Gold: Will dovish FOMC minutes inspire metal to rally?
Fawad Razaqzada April 6, 2016 6:15 PM
After a quiet start, the FX markets turned volatile this afternoon as traders sold the dollar in anticipation that the imminent release of the FOMC’s last meeting minutes will confirm the recent dovish commentary from the Fed. In addition, oil prices surged higher on the back of the latest weekly crude stockpiles report from the US Department of Energy. Although this was a mixed-bag report as it showed stocks at Cushing and those of oil products increased, the big headline drawdown of 4.9 million barrels exceeded both expectations and the American Petroleum Institute’s (API) estimate from last night. Consequently, oil, which was already up on the API data, extended its gains and lifted energy stocks with it. More gains for oil could be on the way if further evidence emerges that suggest US oil output will fall noticeably later this year, and if the OPEC and Russia manage to agree on a production freeze later this month.
Today’s risk on" rally for oil and stocks meant that the safe haven and buck-denominated gold, which does not yield any interest, was unable to find further support from the weakness in US dollar. But this could change, of course, should the FOMC minutes convey a more dovish message than expected. Ahead of the publication of the FOMC minutes, gold was trading a touch lower on the day. Yesterday, the precious metal found strong support at around the $1215/18 area. As can be seen on the daily chart, below, this area was previously support and corresponds with the rising 50-day moving average. So it remains to be seen whether this was a merely dead-cat bounce or the resumption point of the rally.
Thus, today’s close will be very important for gold, for a rally above yesterday’s high would confirm the break of the short-term bearish trend, potentially paving the way for more gains later in the week. However a break below the aforementioned support region could pave the way for a move towards the more significant support at $1200 or even $1190. But the longer-term technical outlook on gold still looks supportive. The daily moving averages, for example, are all in the correct order, while the RSI has worked off "overbought" conditions without significant price erosion. This means that the next leg of the rally could last for several days before the RSI signals overbought again.
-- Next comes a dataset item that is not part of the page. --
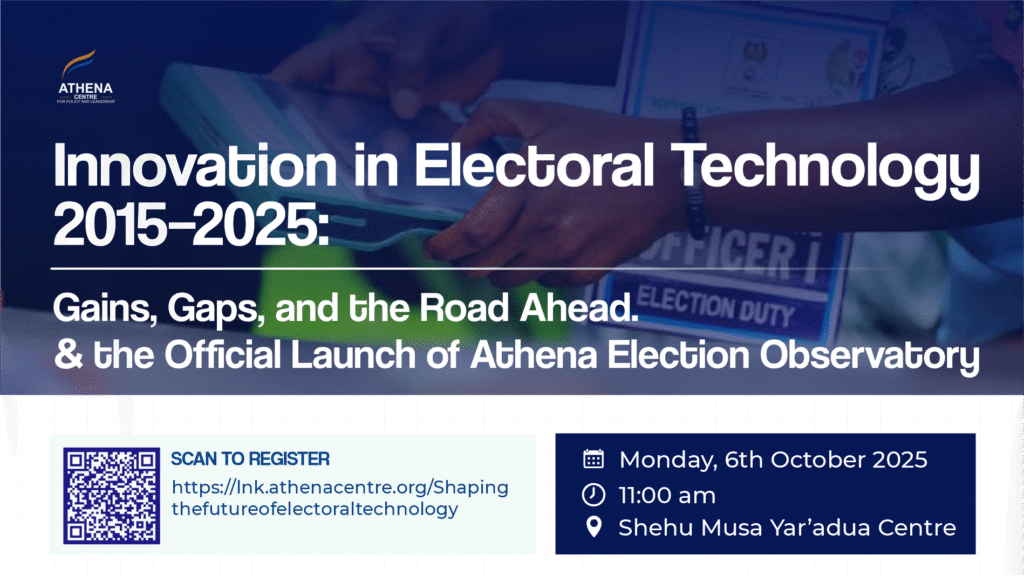 Athena Centre for Policy and Leadership proudly presents the launch of the Athena Election Observatory alongside the groundbreaking report Innovation in Electoral Technology 2015–2025: Gains, Gaps, and the Road Ahead. This high-level event will convene election experts, policymakers, and civil society leaders to reflect on a decade of electoral technology reforms and chart the future of credible elections in Nigeria.

Meanwhile the monthly chart in the inset shows gold has cleared the long-term support and resistance area between $1180 and $1200. It has also taken out one of the two bearish trend lines. However, the rally came to a halt last month and the metal formed a doji-looking candle. So, on this time frame, it will need to climb above the March high at $1284 in order to boost the confidence of long-term investors. While below this level, gold bugs will need to be wary of the possibility for a deeper pullback, perhaps towards the 200-day moving, before gold potentially resumes its rally.